English is tough. Can’t you C?

3 hours ago 4

“As my Ukrainian sons continue to improve their English, one of the main sticking points is the letter ‘C’ and its various pronunciations,” says Chris Keane of Seattle, USA. “Including reading eye charts for a perplexed optometrist, where they both said ‘S’ every time there was a ‘C’. Paula Gard’s mention of Cedar Court (C8) reminds me of the time we came across ‘Pacific Ocean’. My younger son threw up his hands and stormed off, yelling ‘English is stupid!’”

Hurling (C8) is for lightweights, according to Jock Brodie of Port Macquarie: “Before the young took up lawn bowls, my father assured me it was the most dangerous sport in the world. More people died while playing it than any other sport.”

“I hear the NSW opposition leader’s PA is known in her office as the Sloane Arranger,” reports Andrew Taubman of Queens Park. “Sorry if that Triggers anyone.”

Graeme Finn of Campsie “once heard the term ‘Sunbeams’ to refer to dinnerware that was not tarnished by food after a meal and did not require washing up. Are there other terms?”

“Can Granny confirm or deny the rumour that there was a university course in town planning that sent its students to Noosa to learn how to thoroughly bamboozle visitors with roundabouts (C8) and signage designs,” asks Toby Waters of Emerald Beach. “And is it true that the course collapsed as too few students could successfully navigate their way out?”

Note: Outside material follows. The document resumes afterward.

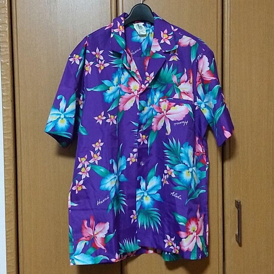 - ROYAL CREATIONS ロイヤルクリエイション アロハシャツ 半袖シャツ パープル 紫 花柄 トロピカル柄 Mサイズ
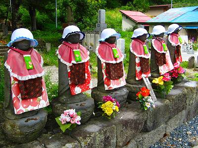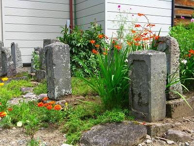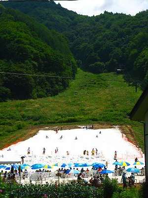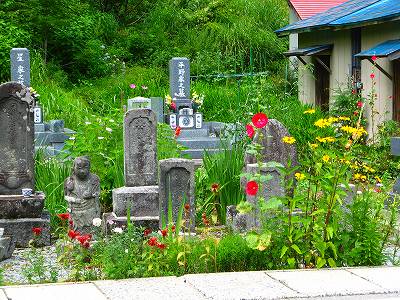 ちょうど昼過ぎ、やっと檜枝岐村に入りました。人口は700人に満たないはずなのに、えらく人が集まっています。この一帯は日本有数の豪雪地帯、冬の間に積もった雪にシートをかけておき、その雪で遊ぶ「真夏の雪祭り」だそう。小さな人工スキー場よろしく傾斜地に雪がしかれ、子供たちが群れ遊んでいますよ。きゃーきゃーと歓声がひっきりなし。そこを過ぎるといよいよ村の中心部。両側を山にはさまれてその谷底をつらぬく国道に沿って大きな役場があって、家々が続いたかと思うと、その間にはお墓(ここでは廟所と呼ぶのだそう)。そうそうこれも聞いていたとおり。普段生活している家のすぐ近所にお墓を作る習わしだそうで、しかもその敷地には色とりどりの花が咲き乱れているんですよ。家並みと墓所を分ける区別がはっきりしていないのが印象的。

“Many years ago, I was in Siena heading, by car, to Rome,” writes Bruce Hyland of Woy Woy. “After passing the same ‘Rome’ sign twice, I decided on a different direction and found myself in a series of narrowing and steepening streets, culminating in a T-junction that my car couldn’t negotiate (I was driving a Cadillac convertible at the time), much to the amusement of the coffee drinkers on the corner, a number of whom left their coffees, picked up the rear end of the car and turned it into the cross street so that I could continue on, with much hand-waving and shouts of ‘Grazie’ from my wife and me. Without these helping hands, I’d probably still be searching for the well-concealed Rome road out of town.”

“I’ve found the answer to the question, ‘At what age do I become an old woman?’,” declares Nedra Orme of North Sydney. “The answer? When your youngest child applies for her Seniors Card.”